The visit back home included some time with Kajsa, strolling
about in Old New Castle by the Delaware in happy-go-gusty March, talking about
music, as we will. And one of the topics was one of the bands we both
find to our liking these days: Spoon, from Austin, TX. Kajsa first brought
around some of their music with Kill the
Moonlight (2001), their fourth LP, in spring 2003. They’ve been hotter and
hotter since then, with Gimme Fiction
(2005), Ga Ga Ga Ga Ga (2007), and
their best yet, Transference (2010).
Today’s song is one of my favorites by them, from Gimme Fiction. Which, by the way, is a
great title. What the title of “The Beast and Dragon, Adored” means I’m not at
all sure. But enough of the song’s lyrics are intelligible to me to make it
seem somewhat anthemic:
I got a feelin’
It don't come cheap
I got a feelin’
I got a feelin’
Oh and then it got to
me
It took its time a-working into my soul
I got to believe it come from rock and roll
Believe it come from rock and roll
It took its time a-working into my soul
I got to believe it come from rock and roll
Believe it come from rock and roll
It’s not too big a stretch to say that whatever feelings I can
most readily identify “come from rock and roll.” Literature, movies, poetry,
art, and even other people—sure, they all inspire “a feelin’,” but rock and
roll is in a sense the great motivator, at least once I learned to call it
that. For a time, I know, rock and roll was all that Fifties music, y’know,
like “Rock Around the Clock,” and so it was get up and boogie music, not nearly
expansive enough to work into my soul, as Britt Daniels sings here. What that
took was the British Invasion and the kinds of white soul it inspired. And
Daniels and Spoon are all over that.
On the slacker score, I really like “I been learning my
scene / I been watching my friends move away.” That’s killer. If your scene is a college town, you see a lot of people move away. The scene is
where you are, where you’re stuck maybe, and maybe it’s worth “learning” it,
though as friends move away it may be less and less the scene one aimed at: “I
had to find the feelin’ again,” “All I need is a crew,” “The meaning sat tight
/ Said ‘it’s not what you expected but it could be right.’” Well, there’s hope.
And “when you believe they call it rock and roll.”
So, the song is about believing in rock and roll, certainly.

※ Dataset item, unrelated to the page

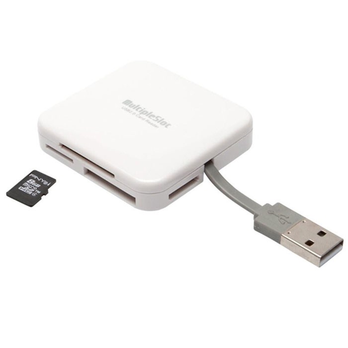 Το ALL IN ONE card reader της PNY είναι μια εύκολη και πάντα εύχρηστη επιλογή για τους χρήστες smartphone/tablet που αναζητούν έναν απλό τρόπο γρήγορης και εύκολης μεταφοράς αρχείων (φωτογραφίες, βίντεο). Με υποδοχές για SD, SDHC, SDXC, MicroSD, MicroSDHC, MicroSDXC, Mini SD, MiniSDHC, Memory Stick Pro, Memory Stick Pro Duo, Memory Stick M2, MMC, RS-MMC, xD και CompactFlash, αποτελεί την ιδανική λύση για γρήγορη και αποτελεσματική μεταφορά δεδομένων. Διαθέτει ενσωματωμένο καλώδιο USB 2.0.
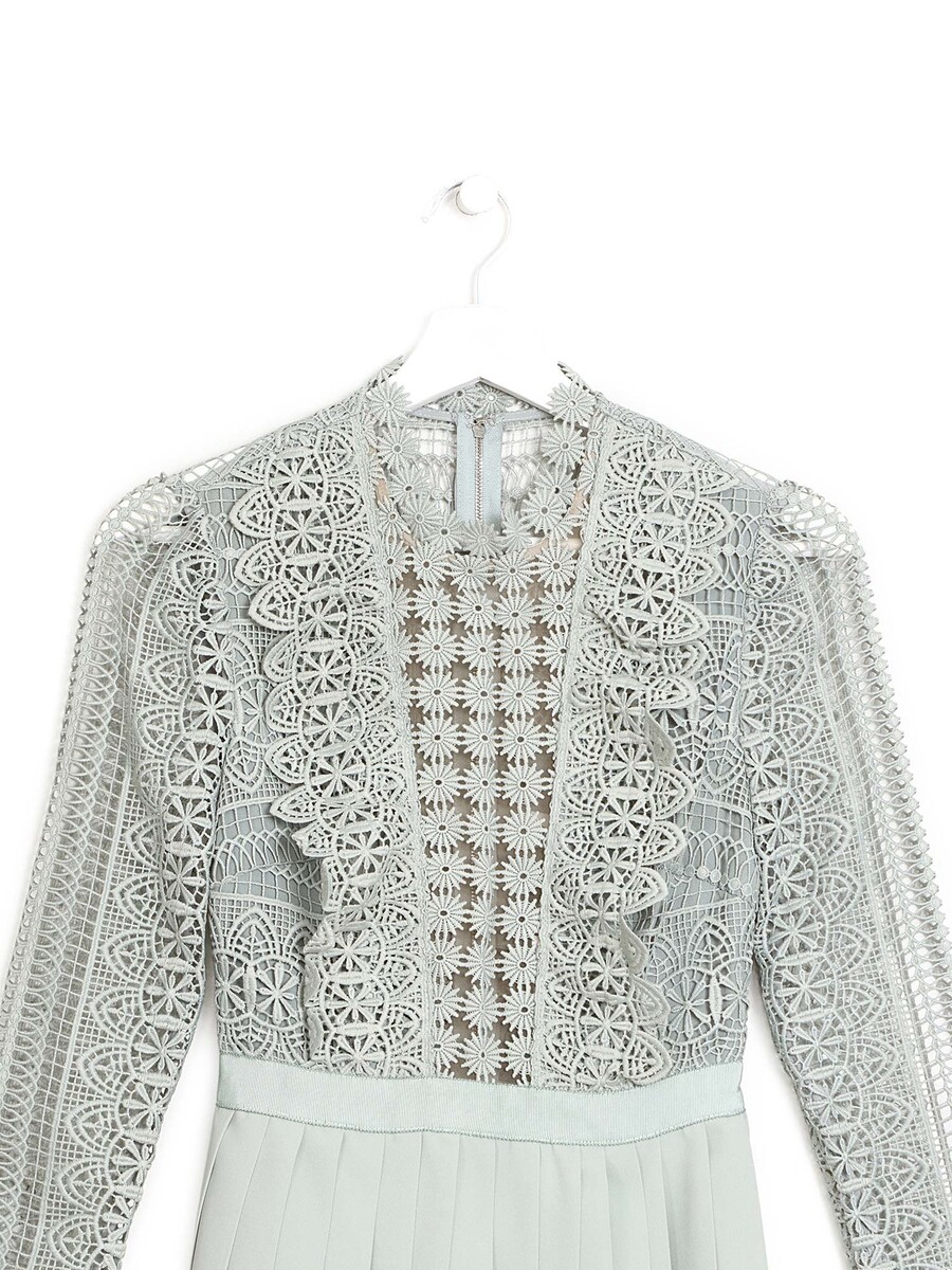 Robe maxi à manches longues avec motif brodé en bleu pâle. Fermeture à glissière centrale au dos. Motifs brodés délicats. Silhouette élégante.

But it’s also about believing in the things—the feelin’—that rock and roll
makes possible. And maybe even the scene and the crew and the great dominions
inspired by that sound. Because, while it’s fun to talk about songs and music
and words, the hardest thing to describe and account for is the sound. Spoon’s
sound is consistent and continues to develop. The guitar parts on Transference are more advanced—or, at
least, they do more for the songs—than on previous albums. Which is a way of commenting once again on
the idea that bands don’t really hit their stride till they get past the fourth
album mark.
And remember, friends, “when you don’t feel it, it shows,
they tear out your soul.” And when you do, well, call it rock’n’roll.